The performance of the line segmentation algorithm shows that it outperforms the state of the art, with the only exception of the docExtractor and the dhSegment, but none of them provides as output all the ink of the handwriting of the text line, thus limiting the possibility of using them without further ad-hoc provisions as in our case, as well as for keyword spotting, writer/script identification and handwriting recognition.
The results also suggest a possible improvement to make the algorithm more effective and less computationally demanding. As mentioned in Section 4.2, the algorithm works by dividing the text area into eight stripes. Although this setting, empirically chosen from observation on the Moccia Code, has been proved to be reasonable also for the other data sets on which we have evaluated the performance, it may not work effectively on other collections presenting different writing styles and using different languages. To overcome this drawback, we are currently working on a self-adaptive algorithm that starts by setting S = 1 , and in case the number of detected lines is lower than expected, increments progressively S until the segmentation leads to the expected number of lines, or when the values of S is such that the width of the stripes is smaller than the average size of a character, which is considered as the smallest piece of ink to whom a baseline can be associated.
As with regards to the alignment performance, the results of a direct comparison with the learning-free state-of-the-art methods [9,10,11,33] have shown that the proposed method performs better than its competitors on every dataset on which they have been tested. They also show that, at least qualitatively, they are in line with the performance reported by other state-of-the-art methods on datasets not available for a direct comparison. Eventually, it is worth noting that in the case of the Moccia Code, the performance of our method is lower than those achieved on the datasets currently used in the literature as a benchmark for performance assessment, confirming that the Moccia Code represents a much more challenging testbed for text alignment of mostly textual handwritten documents.
The experimental results achieved so far not only showed that our methods represent an effective fully automatic solution for text alignment of mostly textual historical handwritten documents, but they also suggested one more possible future development.
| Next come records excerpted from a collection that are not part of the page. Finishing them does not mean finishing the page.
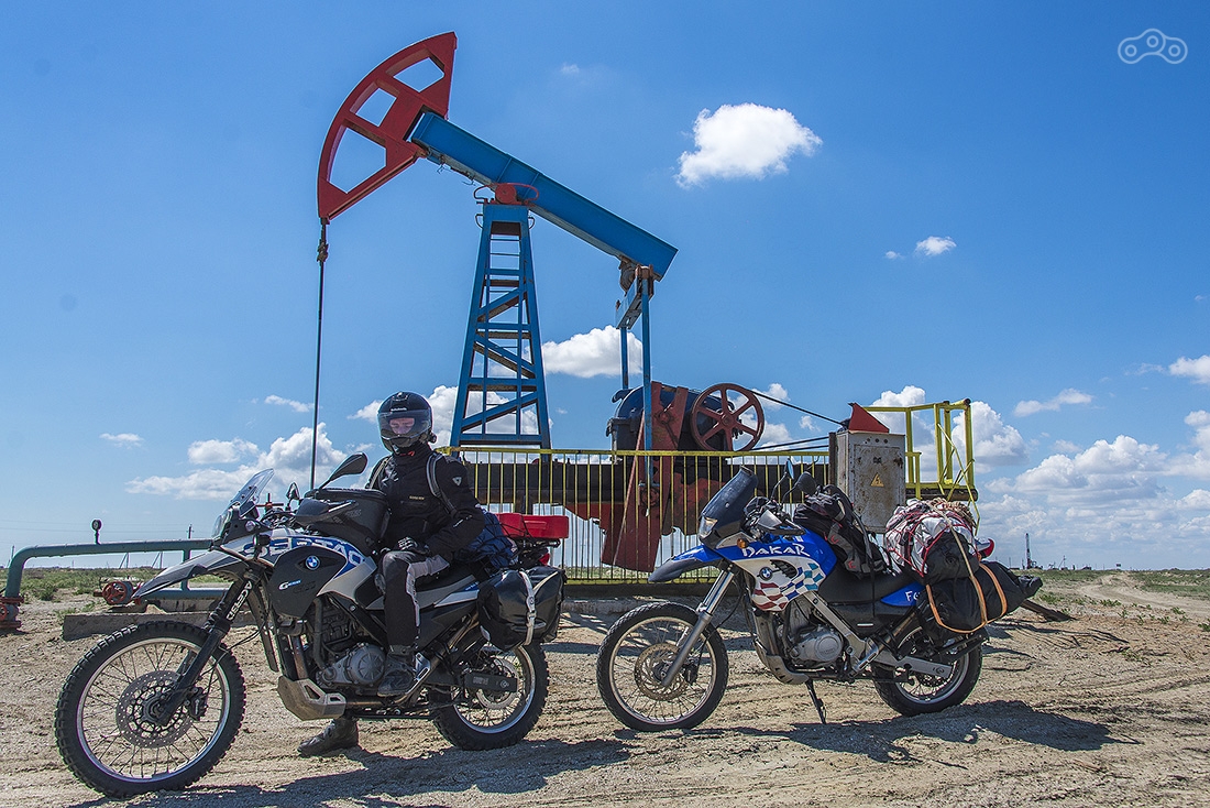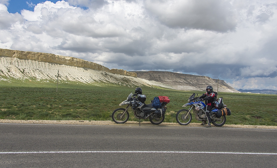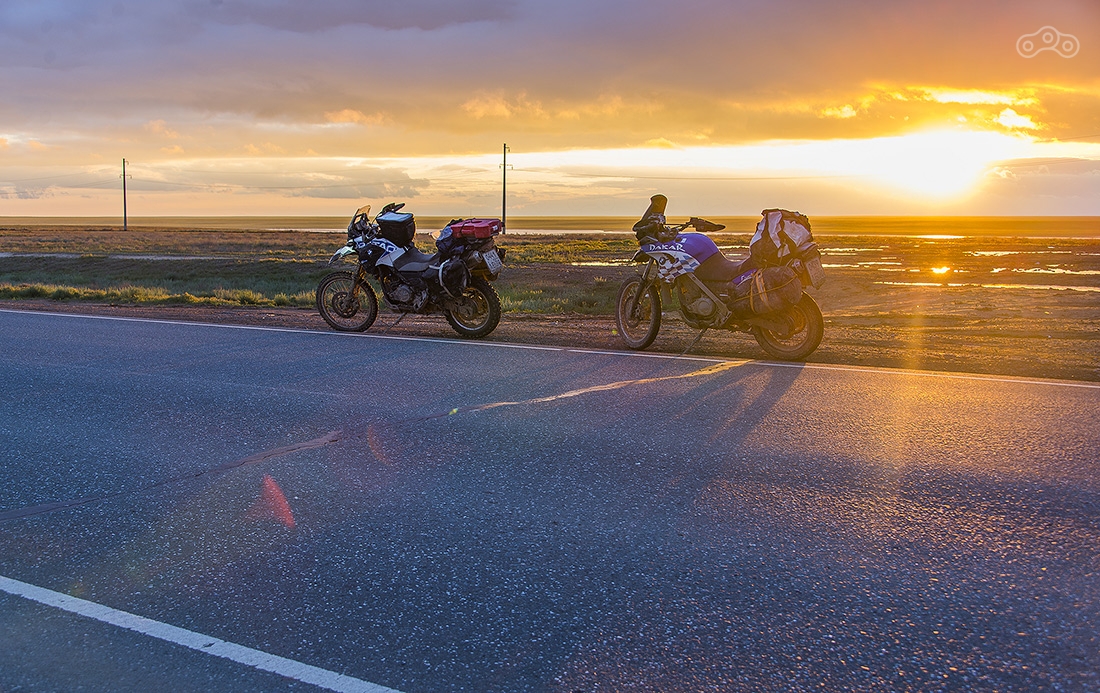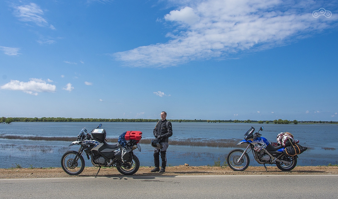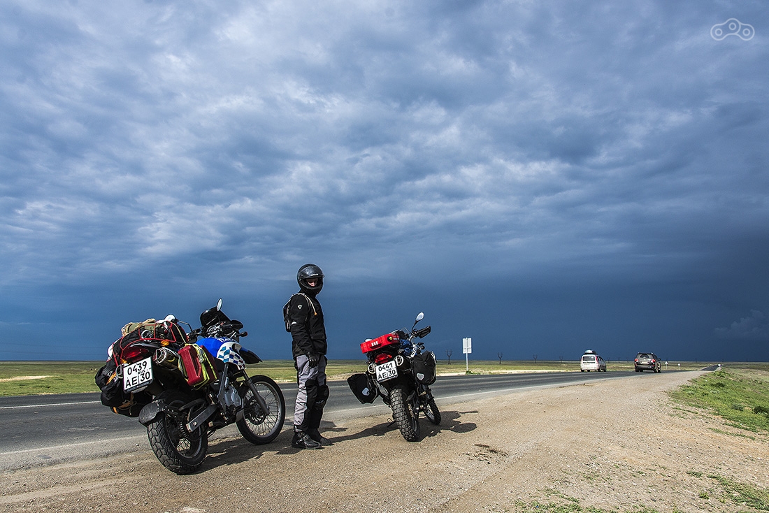 Участок дорооги от Астрахани до Атырау разбитый, но ехать на мотоцикле вполне комфортно — ямы легко объезжаются. Байки пока еще чистые, но впереди тучи...
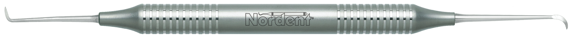 Combines a small Jacquette that has a 3.5 mm length and a small sickle that has a 1.2 mm blade that tapers to a point. The Goldman-Fox series of instruments includes universal curettes, Jacquettes, sickles and hoes. Featuring our DuraLite Round Handle, additional handle options are shown below.
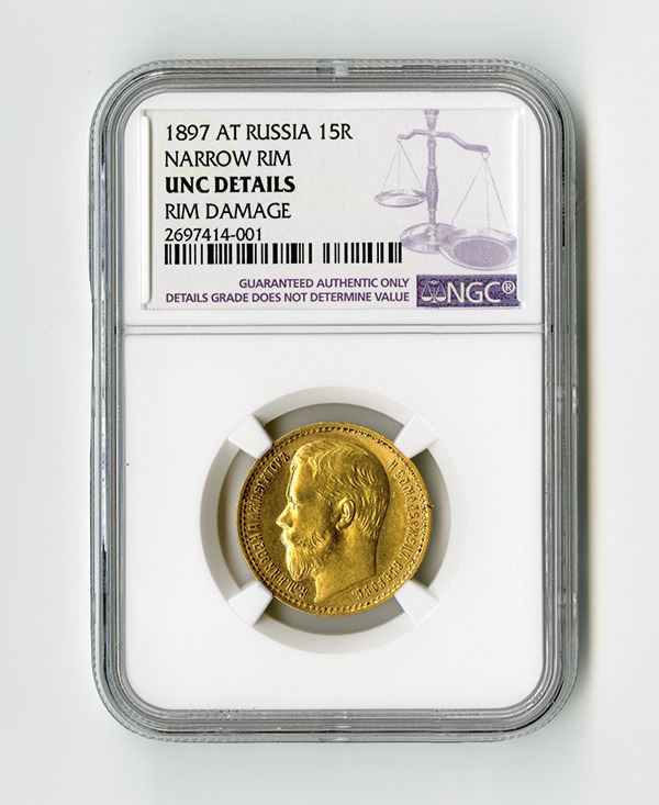 Russia, 15 Rubles, 1897, NGC graded Unc. Details with note of rim damage, still very attractive with a very small nick at 3:00 that is barely noticeable.
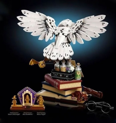 В комплект входят золотые минифигурки преподавателей: Альбуса Дамблдора, Рубеуса Хагрида, а также Минервы Макгонагалл. Есть и юбилейная подставка, украшенная эксклюзивной надписью в честь двадцатилетия серии о Гарри Поттере. Превращай разрозненные детали в известные символы и наслаждайся сборкой.
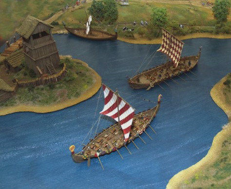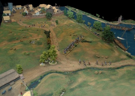 Diese gigantische Spielplatte habe ich zwar nicht bespielt aber dafür lange bewundert. Frank Bauer, mit seinem Hang zu Großprojekten, hat mal wieder eine unglaubliche Spielplatte kreiert. Sehr beeindruckend sind auch die Anzahl und die wunderbare Bemalung der Langboote. Die Hammaburg selbst wurde von Thomas Hahn gebaut und der größte Teil der Figuren stammt von Patrick, der auch für das Szenario und Regelwerk zuständig ist. Der Angriff der Wikinger, der nebenbei auch mit dem Trinken von viel Met begangen wird, ist in zwei Szenarien gegliedert. Zunächst kämpfen die wilden Nordmänner auf einem offenen Schlachtfeld vor den Toren der Hammaburg. Dieses erste Aufeinandertreffen wird mit dem Regelwerk Clash of Empires ausgetragen. Danach folgt der Sturm über den Wall und die Plünderung der Siedlung. Dieses Skirmish-Szenario wird mit den relativ neuen SAGA Regeln bestritten. Die Präsentation bietet also eine gute Gelegenheit, diese beiden neuen Regelwerke einmal zu testen.
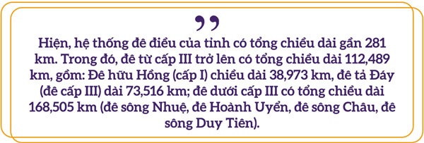 Hiện, hệ thống đê điều của tỉnh có tổng chiều dài gần 281 km. Trong đó, đê từ cấp III trở lên có tổng chiều dài 112,489 km, gồm: Đê hữu Hồng (cấp I) chiều dài 38,973 km, đê tả Đáy (đê cấp III) dài 73,516 km; đê dưới cấp III có tổng chiều dài 168,505 km (đê sông Nhuệ, đê Hoành Uyển, đê sông Châu, đê sông Duy Tiên). Do yêu cầu của công tác PCTT, những năm gần đây, hệ thống đê điều trên địa bàn tỉnh đã được đầu tư tu bổ, nâng cấp. Điển hình, chiều dài tuyến đê hữu Hồng cơ bản đã được đầu tư cứng hóa bằng bê tông, láng nhựa và asphalt nhựa, với bề rộng 5 – 6 m. Cùng với đó, các địa phương tăng cường xử lý, giải tỏa các vi phạm hành lang bảo vệ đê.
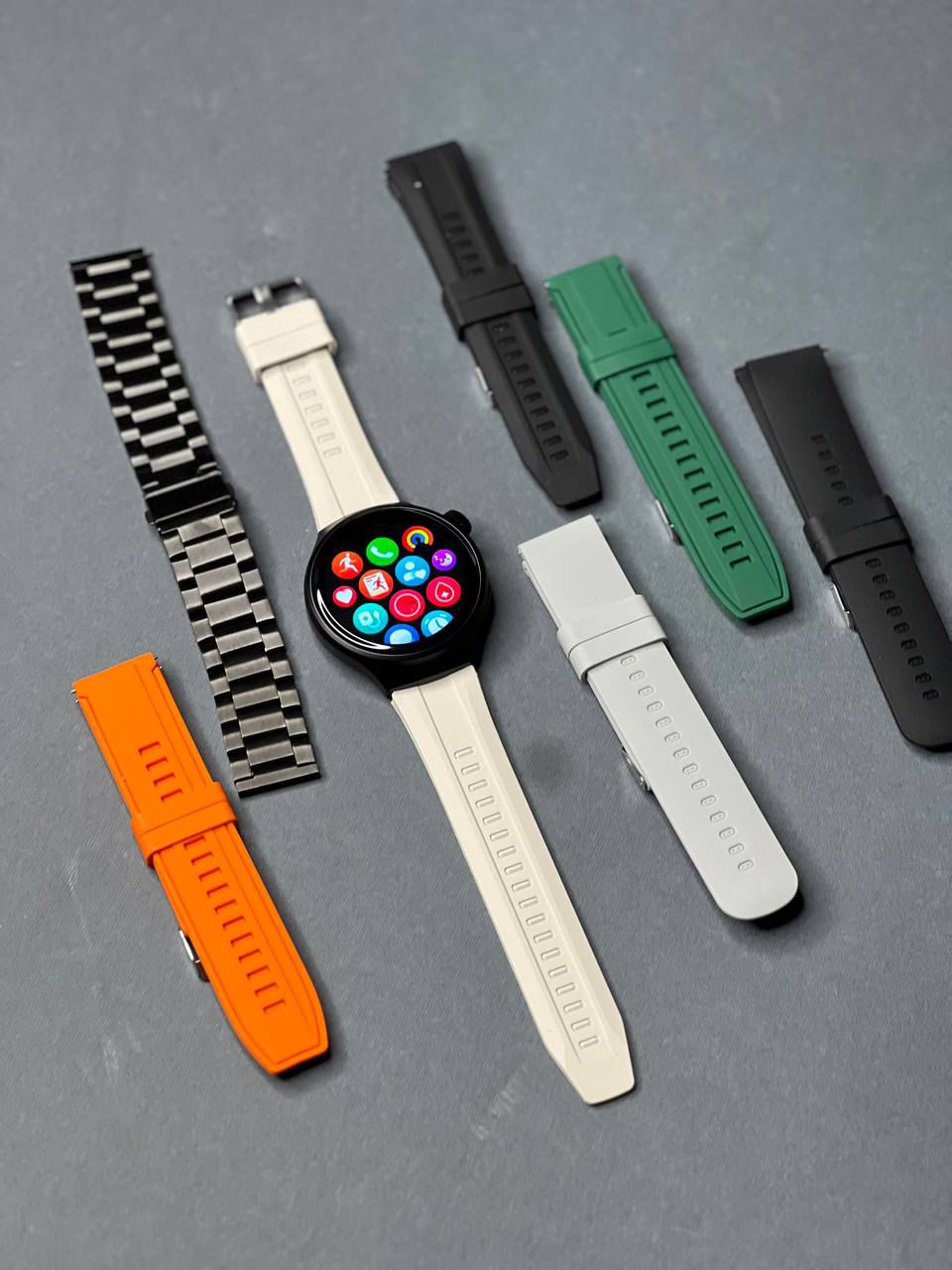 بندها: 7 بند مختلف (سیلیکونی مشکی، سفید، طوسی، سبز، نارنجی + بند فلزی استیل لوکس) قابل تعویض سریع
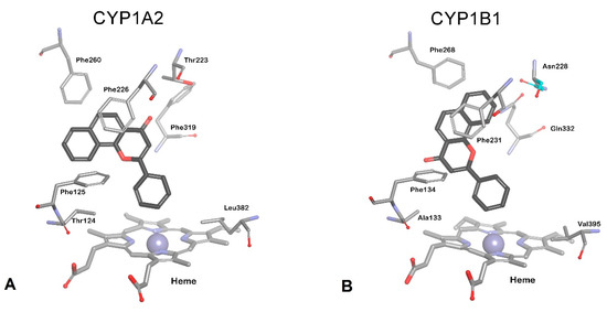 Orientation of ANF in: (A) CYP1A2 (PDB id: 2hi4) and (B) CYP1B1 (PDB id: 3pm0). ANF (rendered with black carbon atoms), heme, and residues are presented as stick models in atom type.
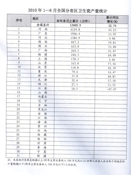 2010年1—8月全國分省區(qū)衛(wèi)生瓷產(chǎn)量統(tǒng)計
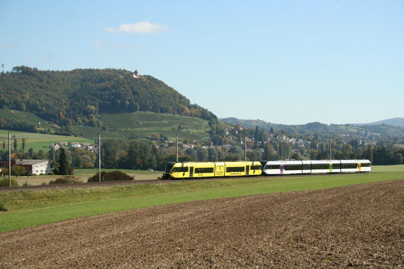 2 THURBO Triebwagen 526 707-5 und 526 785-1 am 5.10.2008 kurz vor der Einfahrt in Etzwilen.
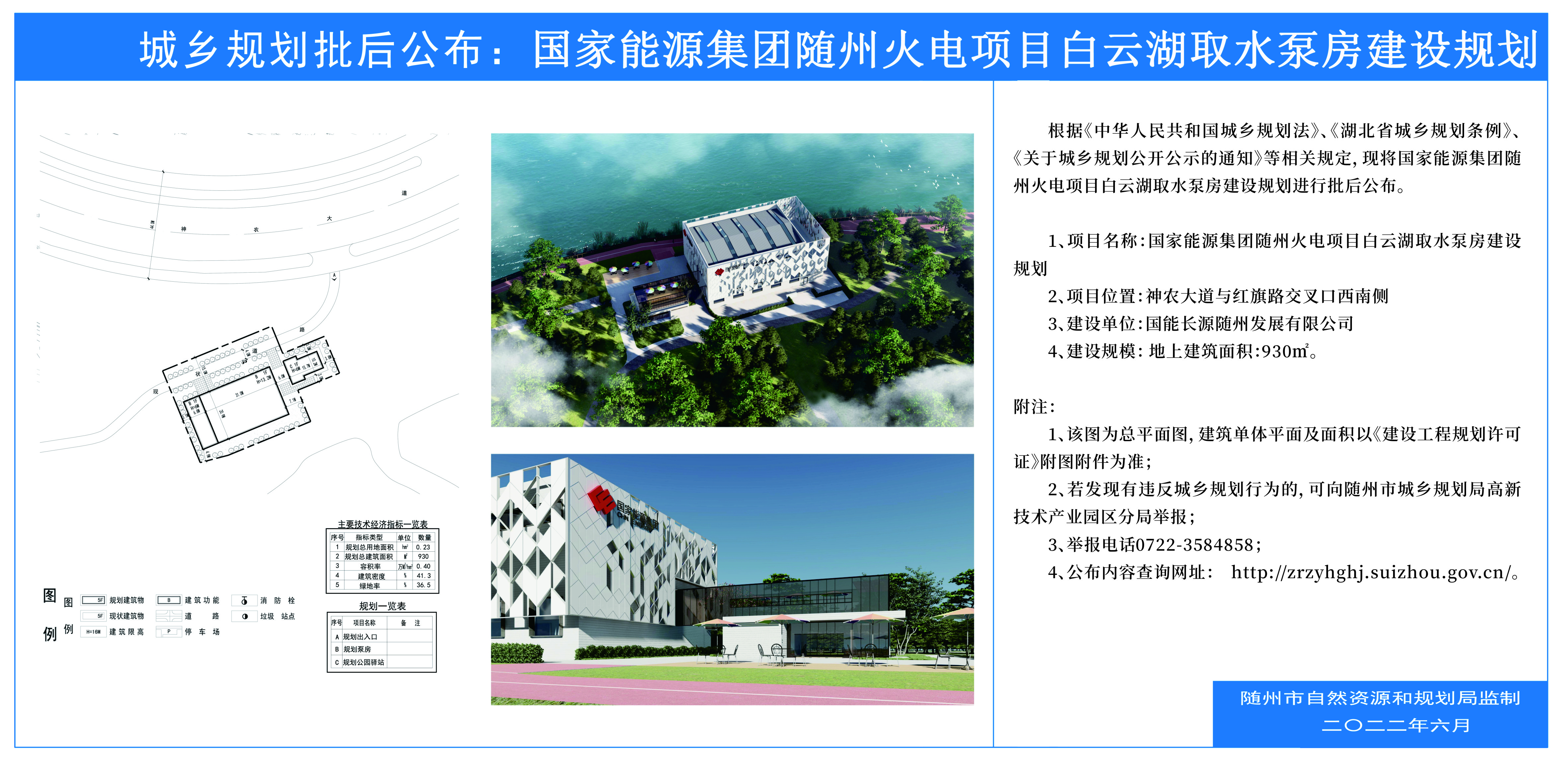 国家能源集团随州火电项目白云湖取水泵房建设规划批后公示
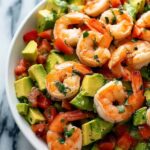 Grab a large mixing bowl and toss together your diced avocados, halved cherry tomatoes, finely diced red onion, jalapeño (if you’re using it), and the fresh chopped cilantro. This fresh vegetable mix forms the vibrant base of your Avocado Salsa Shrimp Salad: Fresh, Zesty & Flavor-Packed! Recipe and guarantees a colorful, flavor-packed foundation.
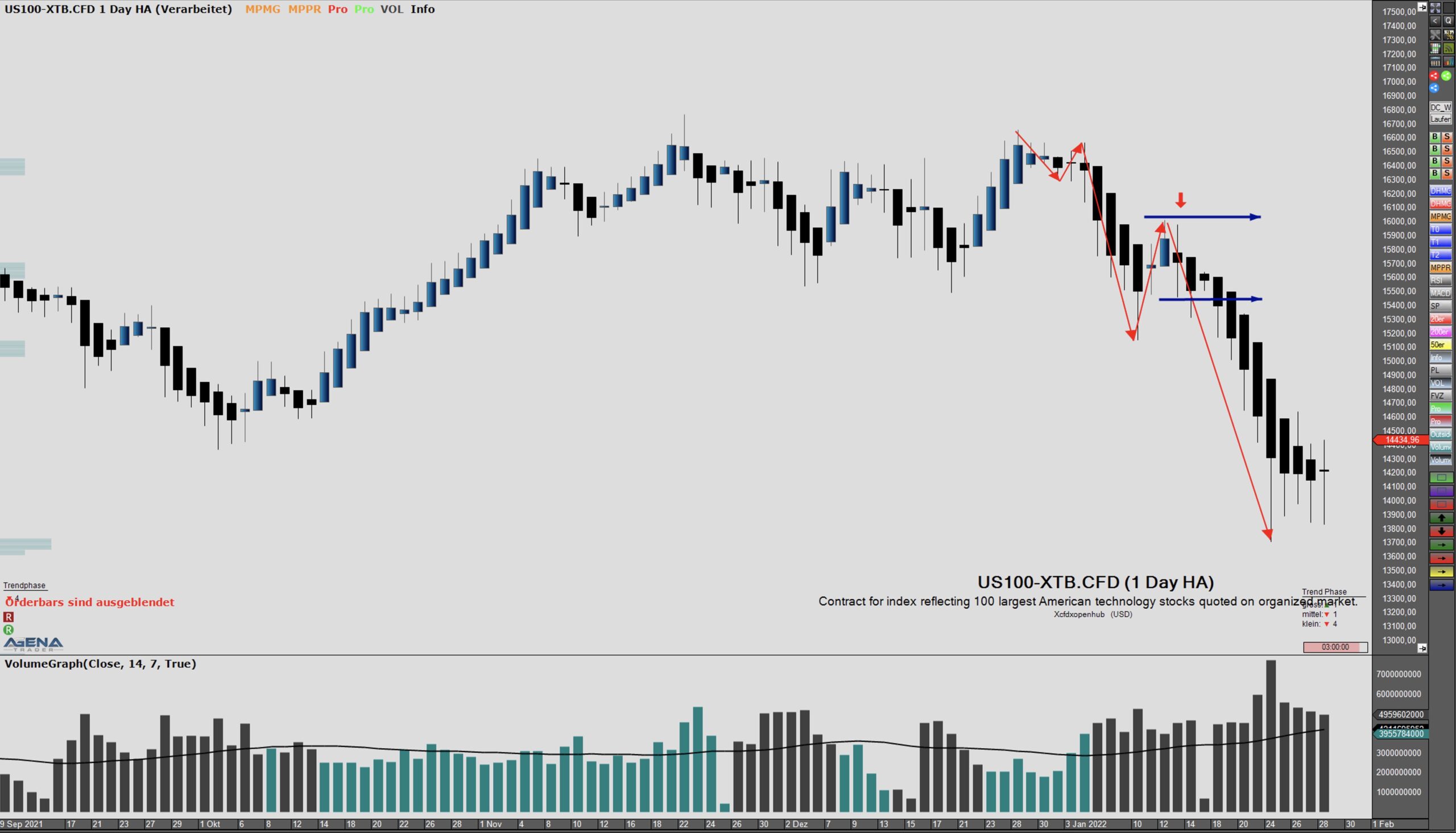 Wir haben einen aktiven Down-Trend und dieser hat auch nach Regelwerk funktioniert! Zum jetzigen Zeitpunkt befinden wir uns in der Bewegung.

When the results of the consistency test indicate that an under- or an over-segmentation error has occurred, the alignment algorithm attempts to correct it by exploiting the information carried by the adjacent bounding box/transcript. Even when, at the end of the process, it becomes evident that something went wrong because either a transcript or a bounding box is left unaligned, the algorithm does not allow backtracking the previous decisions for attempting alternative word segmentation. Thus, our next step in this direction would be that of designing and implementing such a backtracking mechanism, taking into account that the number of bounding boxes to align should be the same as the number of words of the line transcription. Eventually, the consistency check itself can be made more effective by estimating the average character width for each character class and then using such value to estimate the width of the box to be used in the consistency check.

Author Contributions

Conceptualization, G.D.G., G.C. and A.M.; methodology, G.D.G. and A.M.; software, G.D.G.; validation, G.C. and A.M.; data curation, G.C. and G.D.G.; writing—original draft preparation, G.D.G. and G.C.; writing—review and editing, G.D.G. and A.M.; supervision, A.M. All authors have read and agreed to the published version of the manuscript.

Funding

G.D.G. was funded by the Department of Information and Electrical Engineering and Applied Mathematics of the University of Salerno (Italy) through the scholarship grant entitled “Tecniche di Few-Shot learning per l’eleaborazione di documenti manoscritti di interesse storico culturale”.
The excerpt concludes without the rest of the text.